遥か、カナタ。〜FILE−1〜-6
夢を見ていた。ふわふわとした、自分が寝ているのか起きているのかあいまいな時間帯にぼんやりと見る映像の心地良さに、僕は陶酔していた。
──ん、かな──ん。
遠くで声がする。
綺麗な声だ。
天上の歌姫もかくやとばかりに僕の鼓膜を優しく揺らす。
──う、かな──てば。
ん?
──奏太くん、起きてってば。
その声に、僕はようよう体を起こした。どうやらいつの間にか眠ってしまっていたようだ。夢を見ていたようだが、思い出せそうで思い出せない。
「奏太くんってば、何でこんなところで寝てるの?」
声の方へ頭を上げてみる。
化粧気のない、綺麗な白い肌。
すっと通った鼻筋。
少し垂れた大きめの黒い瞳。
僕の目の前にいたのは、副会長、佐々塚楓さんだった。
指輪を見つけたのは朝の5時。
帰る気にはなれなかった。
宿直の国語教師、森馨は内側から鍵をかけていたため、宿直室に入ることが出来なかった僕は、取り敢えず部活棟のトイレの窓から侵入した。転がり込むようにトイレの固い床に体を打ち付けたせいで冴えた目も、冷たく閉ざされた生徒会室の扉の前までくると思い出したように眠気を取り戻した。
「今、何時です?」
「7時、少しね」
左手首の時計に目を落としながら、楓さんは言った。朝のHRは8時半から。
「…楓さん、いつもこんな時間に来てたんですか?」
僕は開いたばかりの目を思わず限界まで大きくした。
「今日はね、財務の資料を朝一で広岡先生に提出しなきゃいけないのよ」
広岡、という単語を聞いた瞬間僕は思わず眉根にシワを寄せた。生徒会担当のあの日本史の教師を、僕は未だに好きになれない。
「私の家、プリンターがないから」
そう続けた後、楓さんは意味ないでしょ?と付け加えて笑って、鍵を扉に差し込んだ。大きな黒い扉は、17歳の美少女に屈服するように僕たちを部屋の中に招き入れた。

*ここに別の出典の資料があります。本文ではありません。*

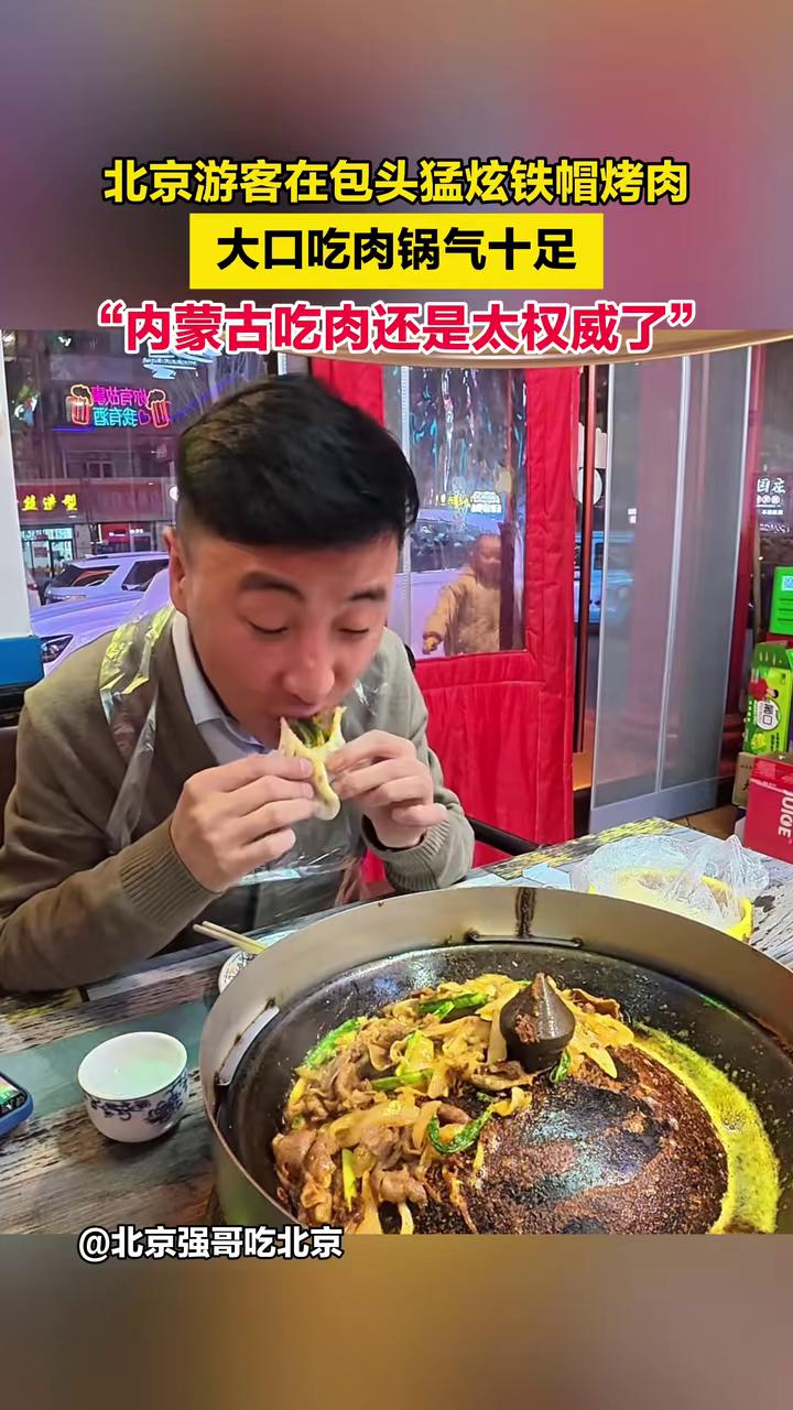 北京游客在包头猛炫铁帽烤肉,大口吃肉锅气十足

僕は入ってすぐの自分のデスクにポケットから出した指輪を置くと、椅子に体重を預けた。
ちなみに、僕の机は普通の教室に置いてある授業で使う机と同じもの。小汚い天板に『石井LOVE』や、『K殺す』などという落書きが彫ってあるところから見ても、完全に使い古しである。三角形に折られた段ボールの裏に手書きで書き殴られた『総合管理担当』という役職名がなければ廃棄待ちの粗大ごみにしか見えないだろう。視線を窓際に移すと、巨大な黒檀の机が目に入る。プラスチック製のネームプレートには『第19代生徒会長 秋山』の文字。

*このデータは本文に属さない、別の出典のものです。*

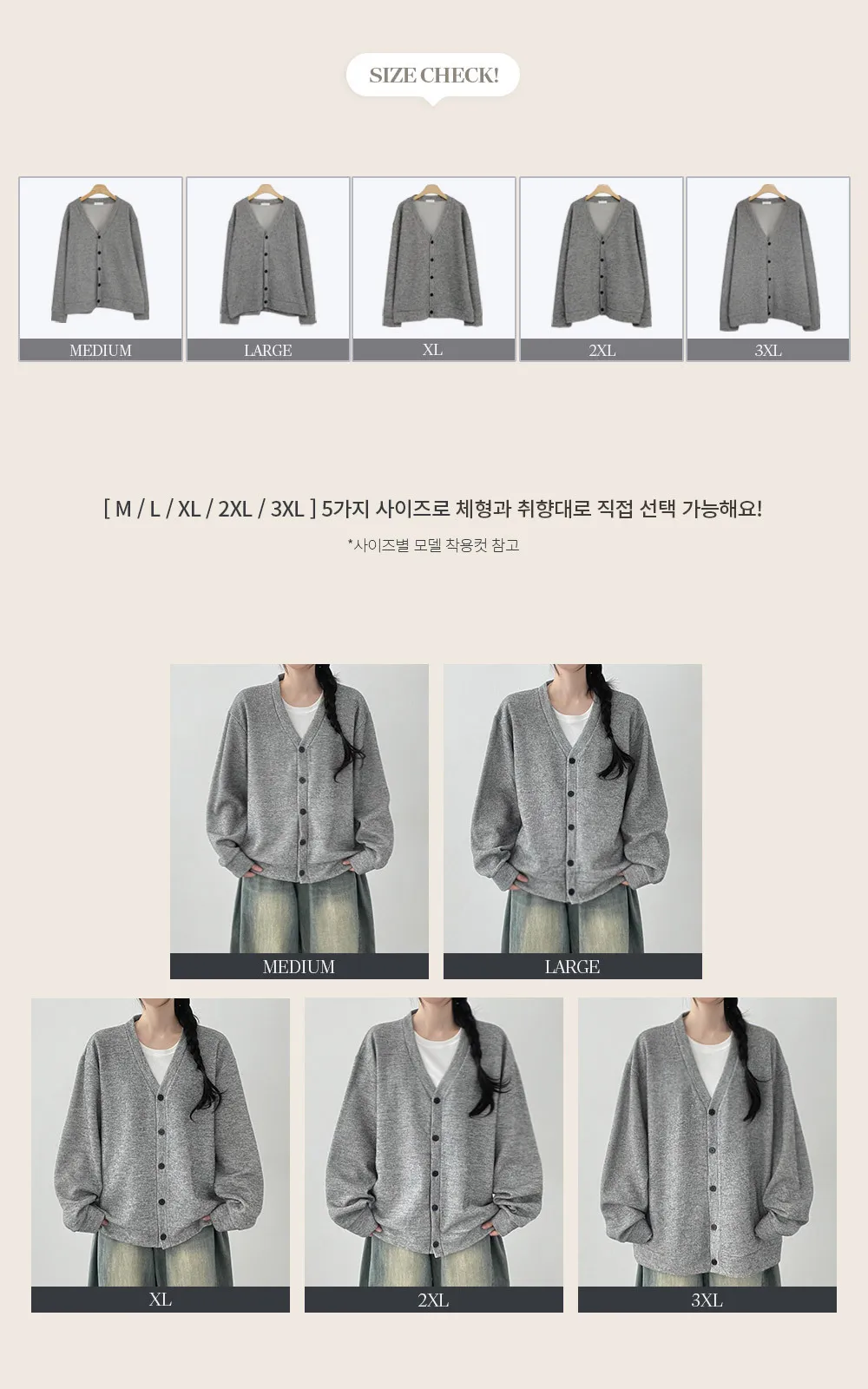 着用 : グレー / M,グレー / L,グレー / XL,グレー / 2XL,グレー / 3XL,ブラウン / XL,ライトベージュ / XL

どうやら、学校を社会の縮図と呼ぶ一部の主張は正しいらしい。
「奏太くん、もう少しここにいるなら、鍵、教務室に返しておいてくれないかしら?」
ぼんやりしているうちに、楓さんはプリントアウトを終えたのか、A4の用紙を4〜5枚抱えて僕の机の前に立っていた。
わかりました、と頷くと、楓さんは足音だけを残して生徒会室を後にした。
現在、7時27分。朝のHRまでには時間があると、壁にかけられた古めかしい柱時計で確認する。
僕は軽く背骨を延ばすと、『石井LOVE』の上に突っ伏した。